The overall result of the MCDA modelling showed that the benefit-risk of efalizumab is substantially better than that of the placebo, even taking into account the 4 PML cases. This conclusion is robust to substantial differences of opinion about the individual weights on the criteria. Indeed, orders of magnitude increases would be required for the unfavourable effects, except for PML, to tip the balance. Only when more weight is given to 5 cases of PML compared to 60% of patients achieving a 75% reduction in baseline PASI would the model favour the placebo over efalizumab. Overall, the MCDA model was relatively stable to significant changes in the assumptions made during the Decision Conference.

Although less sophisticated, the BRR method used in this case study also allowed for some exploration of the variability of the final result, depending on the change in some assumptions made on the exposed population. This is a criteria which always triggers large uncertainties in a post-marketing observational non-controlled setting.

The use of sensitivity analysis is key as it shows which variables are driving the assessment, and focuses the discussion onto these specific weights and incidence measures. This demonstrates the value of information of these variables and may motivate more work to be done to better estimate them.

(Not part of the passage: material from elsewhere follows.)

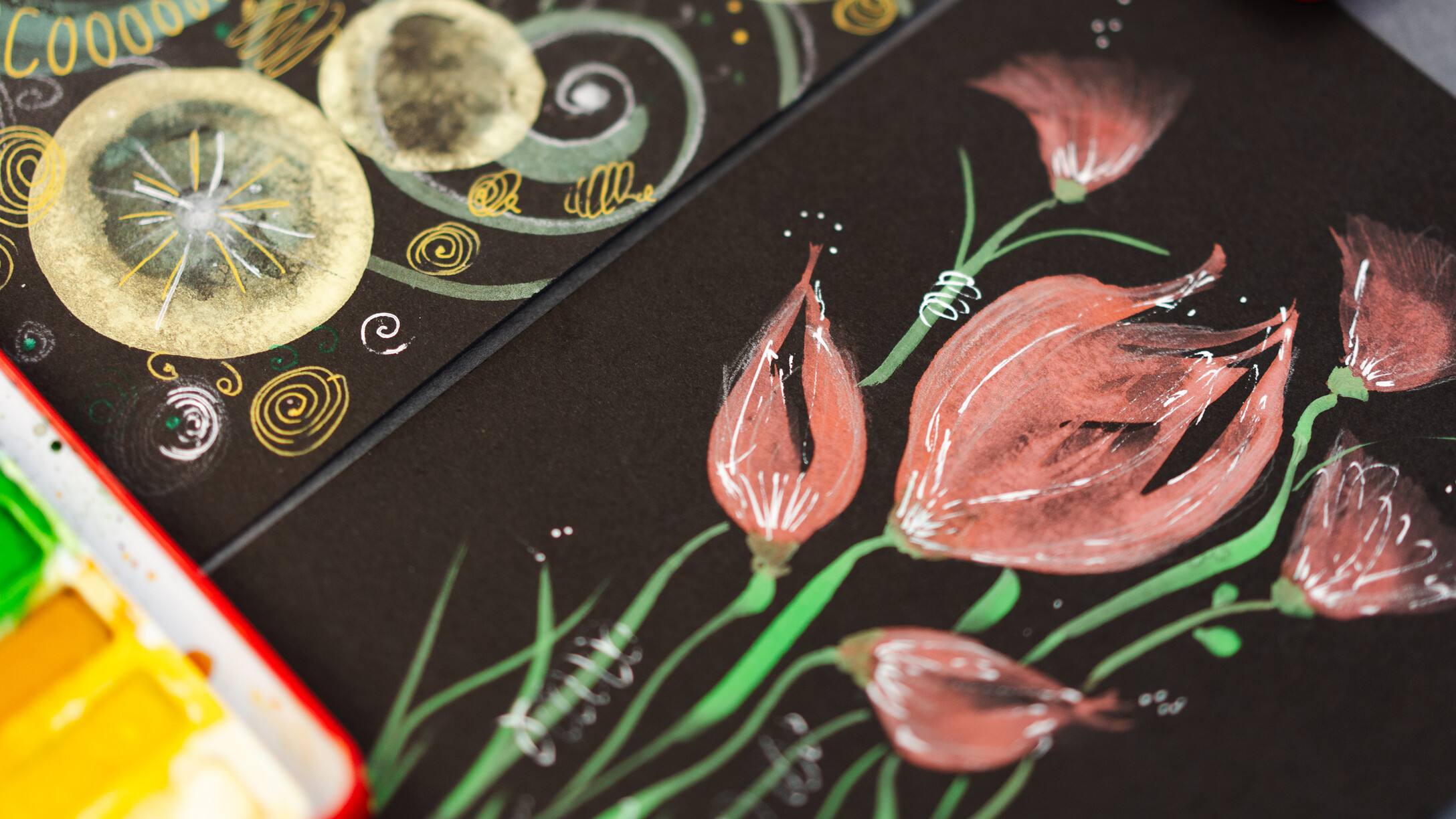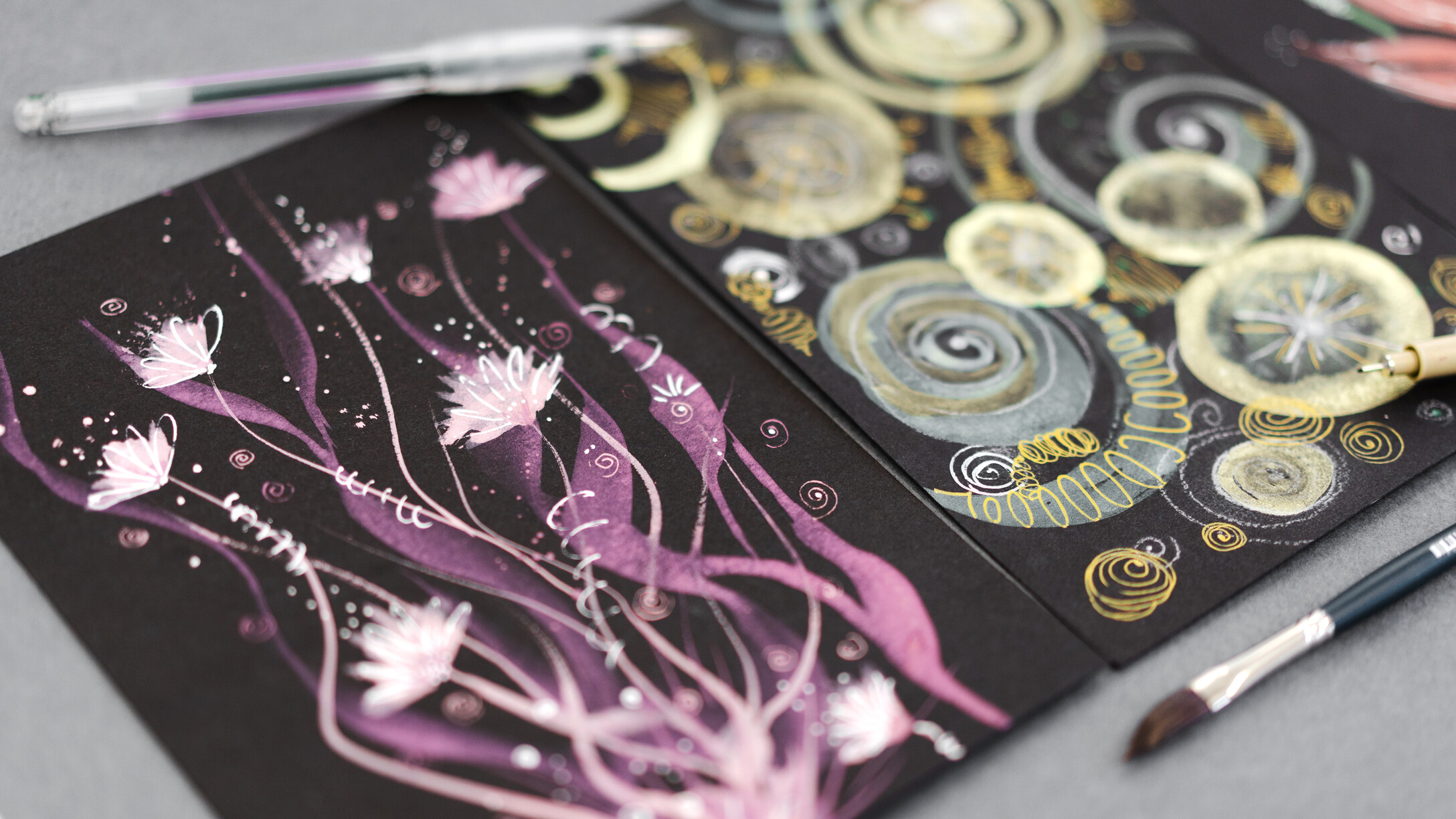 Tieren. Wir arbeiten auch auf schwarzem Papier und nutzen die funkelnden Metallicfarben von Coliro sowie

From a visualisation point of view, the Hiview3 software provided some interesting and easily understandable ways of communicating the results of the sensitivity analysis.This sensitivity analysis can possibly address some methodological issues related to the time difference between the benefit criteria (12 weeks) and the major risk criteria (beyond 2 years), but this was not tested formally in this case study.

Conclusion and dissemination

In this efalizumab example, both qualitative frameworks (BRAT and PrOACT-URL) finally required an extension to quantitative methods able to integrate benefits and risks in a single value in order to facilitate the final decision to be made.The overall conclusions were not consistent across the methods used, nor with the historical decision made in 2009. This is due to the variability in the objective and subjective data, to differences in the underpinning models, but also to the Decision Context which was defined differently in this case study compared to the one offered to Decision Makers in 2009.This exemplifies clearly the need for methods allowing for a sensitivity analysis.

The visual methods used in this case study used mainly standard displays including table and graphs, but no sophisticated tools were tested. The most advanced visual displays were those built-in the Hiwiew3 software used for the MCDA modelling. They proved to be useful for the efalizumab team, but might be more obscure for non-specialists of the MCDA method and of this software.